:: What is required ::
Nothing outside the range below should be printed. Output exactly the lines from the line with "Oktoberfest gleufhoed met veer blauw wit" to the line with "ngập tới. |", both included.

:: Entries supplied ::
○ ○ ○ ○ ○
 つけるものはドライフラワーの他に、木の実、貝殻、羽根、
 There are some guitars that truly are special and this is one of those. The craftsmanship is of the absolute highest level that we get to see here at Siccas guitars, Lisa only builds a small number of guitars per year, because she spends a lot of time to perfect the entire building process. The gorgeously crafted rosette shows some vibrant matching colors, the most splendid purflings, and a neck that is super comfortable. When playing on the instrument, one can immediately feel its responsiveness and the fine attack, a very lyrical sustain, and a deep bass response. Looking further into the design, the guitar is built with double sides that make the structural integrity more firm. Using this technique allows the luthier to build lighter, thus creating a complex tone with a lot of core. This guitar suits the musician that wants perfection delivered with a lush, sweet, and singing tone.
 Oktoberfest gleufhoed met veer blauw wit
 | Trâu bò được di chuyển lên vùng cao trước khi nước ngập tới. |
○ ○ ○ ○ ○
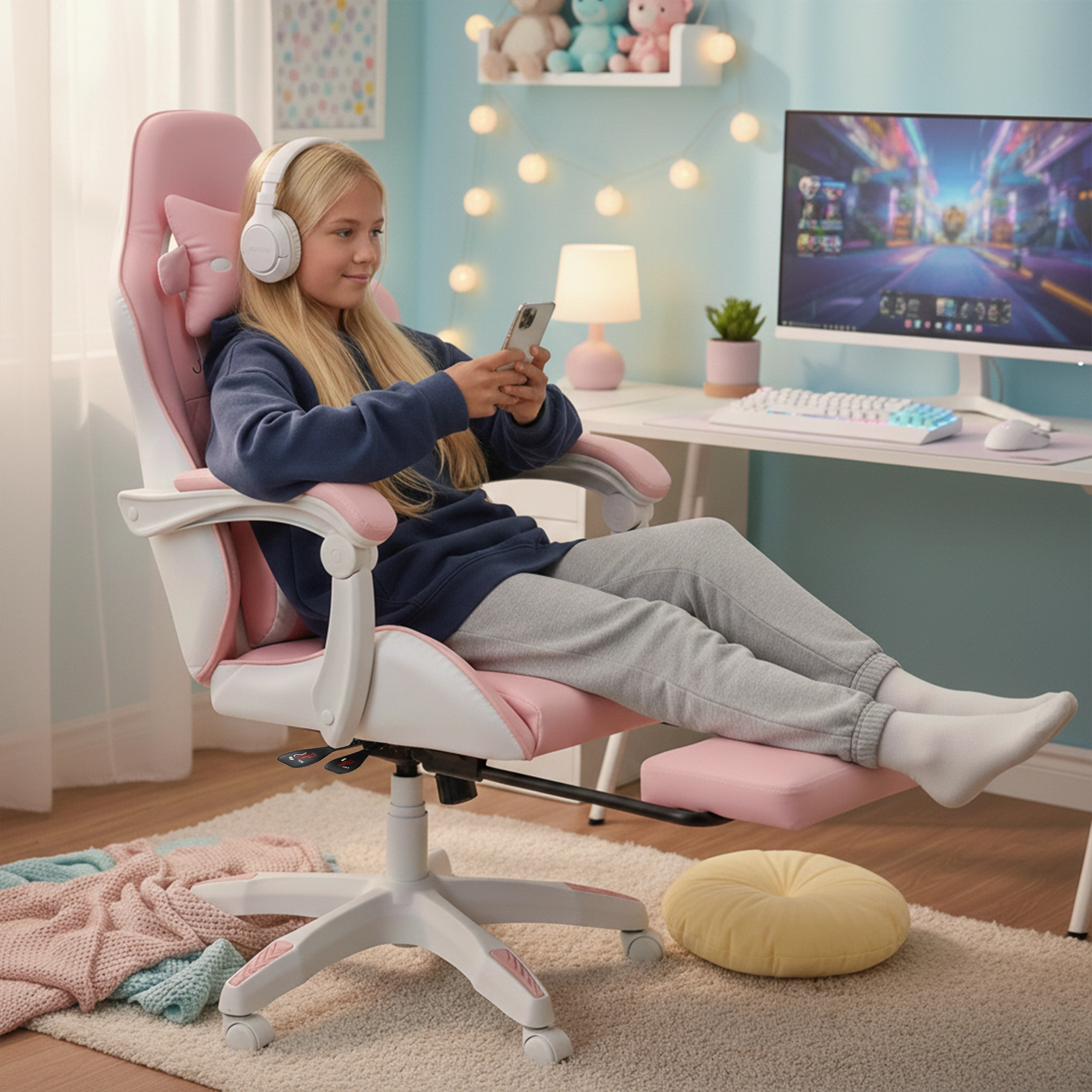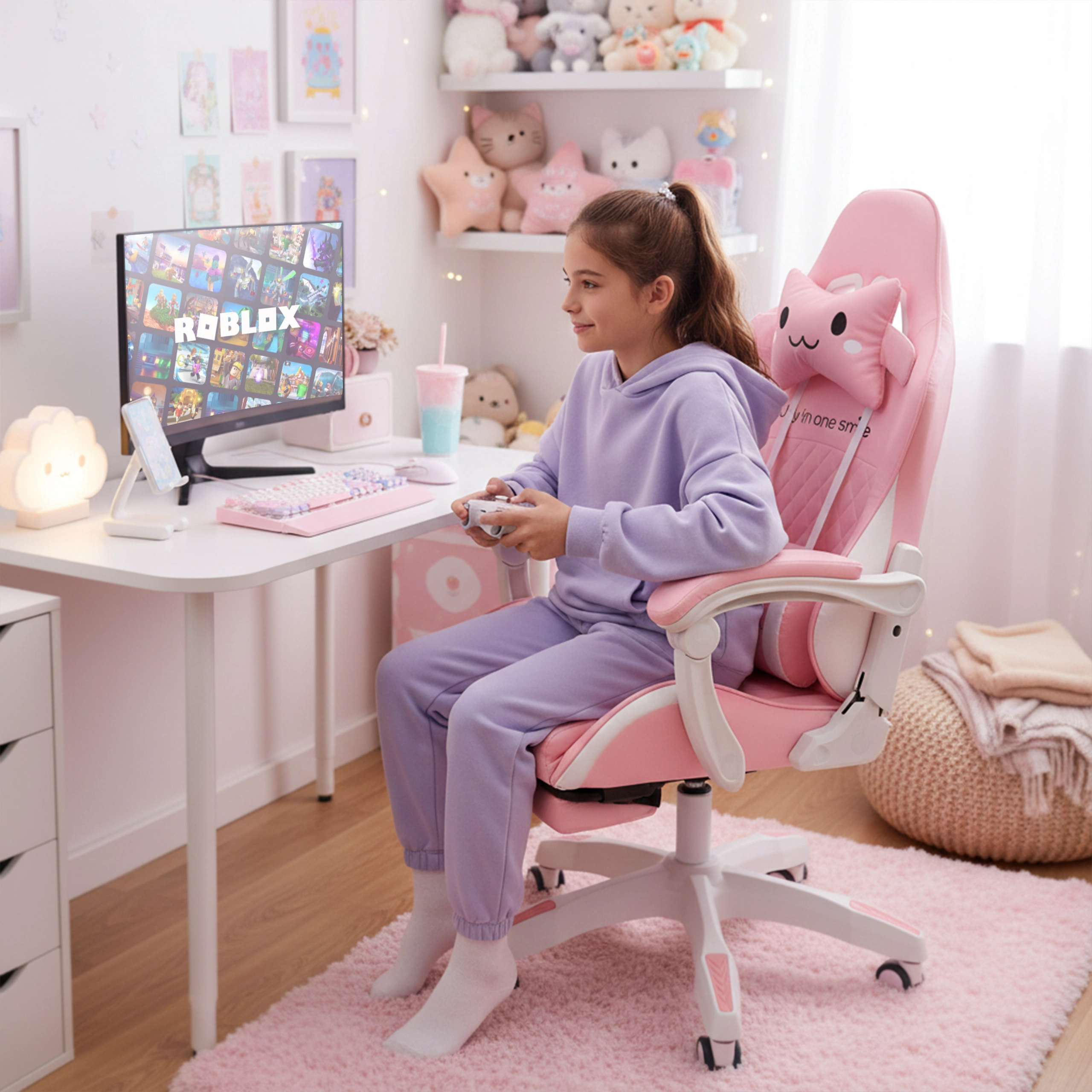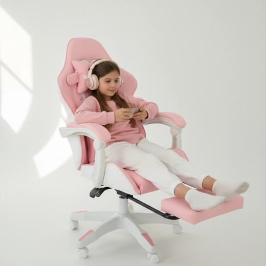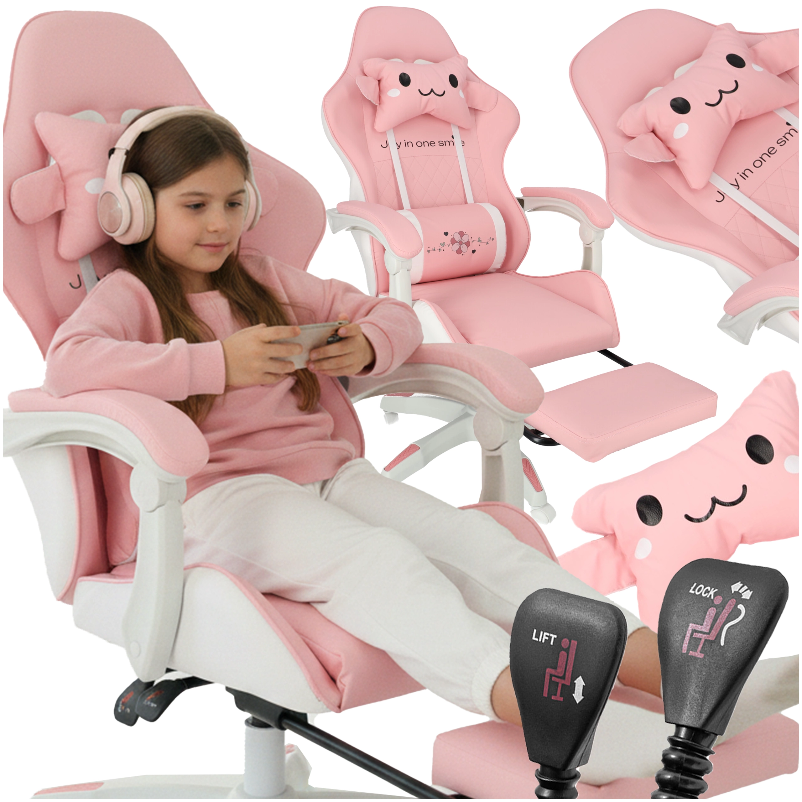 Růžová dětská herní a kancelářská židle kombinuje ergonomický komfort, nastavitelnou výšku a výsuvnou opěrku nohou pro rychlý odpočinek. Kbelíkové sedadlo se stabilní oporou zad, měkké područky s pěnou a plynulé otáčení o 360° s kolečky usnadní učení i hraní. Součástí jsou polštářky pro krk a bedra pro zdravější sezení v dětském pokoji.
○ ○ ○ ○ ○
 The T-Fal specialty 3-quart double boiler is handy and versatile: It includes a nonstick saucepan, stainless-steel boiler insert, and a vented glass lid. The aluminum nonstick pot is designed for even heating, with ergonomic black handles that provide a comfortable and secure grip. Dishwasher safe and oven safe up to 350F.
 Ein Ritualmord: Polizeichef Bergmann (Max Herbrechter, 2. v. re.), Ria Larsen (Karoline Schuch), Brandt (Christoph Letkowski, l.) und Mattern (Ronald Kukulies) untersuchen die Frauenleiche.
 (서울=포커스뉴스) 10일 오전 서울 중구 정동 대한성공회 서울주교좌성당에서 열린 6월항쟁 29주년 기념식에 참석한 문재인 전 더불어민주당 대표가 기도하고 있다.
○ ○ ○ ○ ○
:: Answer ::
 Oktoberfest gleufhoed met veer blauw wit
 | Trâu bò được di chuyển lên vùng cao trước khi nước ngập tới. |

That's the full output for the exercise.